The US Supreme Court refused to grant Christeson a stay of execution. Newly elected Missouri Governor Eric Greitens, a Republican, also refused clemency. In a statement Tuesday, the Republican said he “thoughtfully considered the facts” of Christeson’s case and chose not intervene.

Christeson was convicted and sentenced to death for the brutal murders of a mother and her two children in southern Missouri. Christeson, then 18, and his cousin Jesse Carter, 17, raped Susan Brouk and then murdered her and her daughter Adrian, 12, and son Kyle, 9.

Christeson was the first person executed in the state since 1989 to have had no federal appeals review, an unconstitutional violation of due process, after his previous attorneys missed a key filing deadline for court papers in 2005. Once the missed filing came to light, the attorneys also refused to cooperate and kept the information from their developmentally disabled client.

For years afterward, Christeson’s lawyers also prevented him from seeking new counsel, and courts eventually declared that all of his claims for relief had now been waived and he was “procedurally barred” from review. These issues led the US Supreme Court to intervene in 2014, granting a stay only hours before his appointed execution.

The Court sent the case back to the lower courts, which were directed to appoint new, conflict-free counsel for Christeson.

While the federal trial court appointed a new attorney to represent Christeson, it approved only 6 percent of the requested budget for the counsel. This created a new conflict of interest for substitute counsel, who did not have the funding to investigate and assess his severe intellectual impairment.

Attorneys appointed to challenge Christeson’s 2014 scheduled execution carried out an initial review of his records, which found that his mental impairment was likely due to some combination of chemical exposure in utero, several concussions leading to unconsciousness, and sexual and physical abuse from infancy through childhood.

The attorneys also uncovered records showing he had failed in special education classes and scored only 74 on an IQ test.
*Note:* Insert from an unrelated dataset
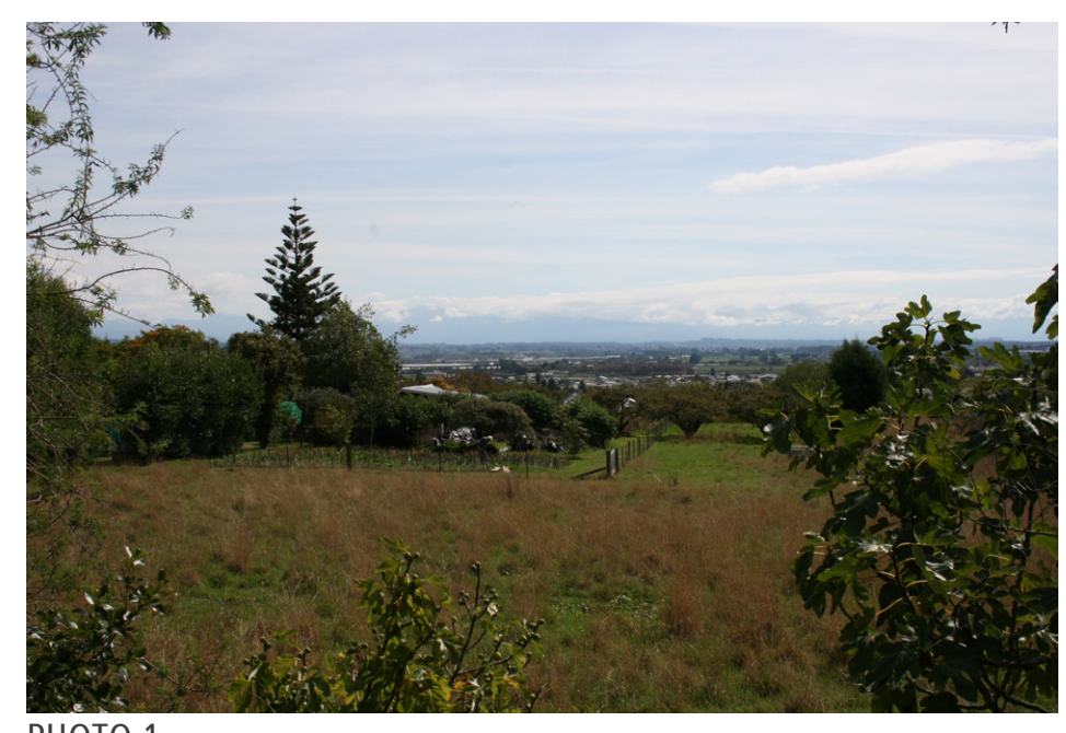
LOOKING NORTH-WEST DOWN FROM HILL STREET WITH SITE BOUNDARY FOLLOWING EXISTING FENCELINE

This history has never been even cursorily reviewed by the courts, and Christeson was never subject to a comprehensive social evaluation with psychological testing.

In January 2015, the Supreme Court threw out a ruling by the Eighth Circuit Court of Appeals denying Christeson another chance to have his case heard. But before the appeals court had decided whether to consider Christeson’s appeal of its ruling that he was “procedurally barred” from review, the state of Missouri proceeded to set his execution date for January 31.
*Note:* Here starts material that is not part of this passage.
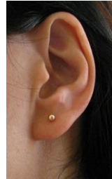
Small pair of stud earrings for girls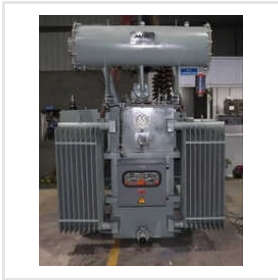
Station Auxiliary Transformer

Governor Greitens, who denied clemency under these conditions, recently noted, “As a constitutional conservative, I believe, as you do, that the Constitution applies to every citizen. I believe in the Sixth Amendment, which guarantees the right to a fair trial and adequate legal representation for all.”
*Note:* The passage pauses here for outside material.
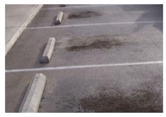
Protect against gasoline oil spills from automobiles that damage and soften the surface.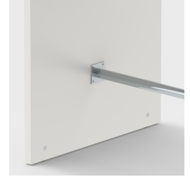
Footrest included for comfortable resting of the feet

Greitens, a former Navy SEAL, spent the weekend in the nation’s capital meeting with Vice President Mike Pence. He has made no comment on President Donald Trump’s executive order banning travel for residents of seven predominantly Muslim countries.

About 200 people have been sentenced to death in Missouri since the state reenacted the death penalty in 1975. Eighty-seven people have been put to death.

There are currently 25 men on death row in the state, according to the Death Penalty Information Center, including two who have been declared mentally unfit for execution and two who were granted stays due to medical conditions that might make their executions painful.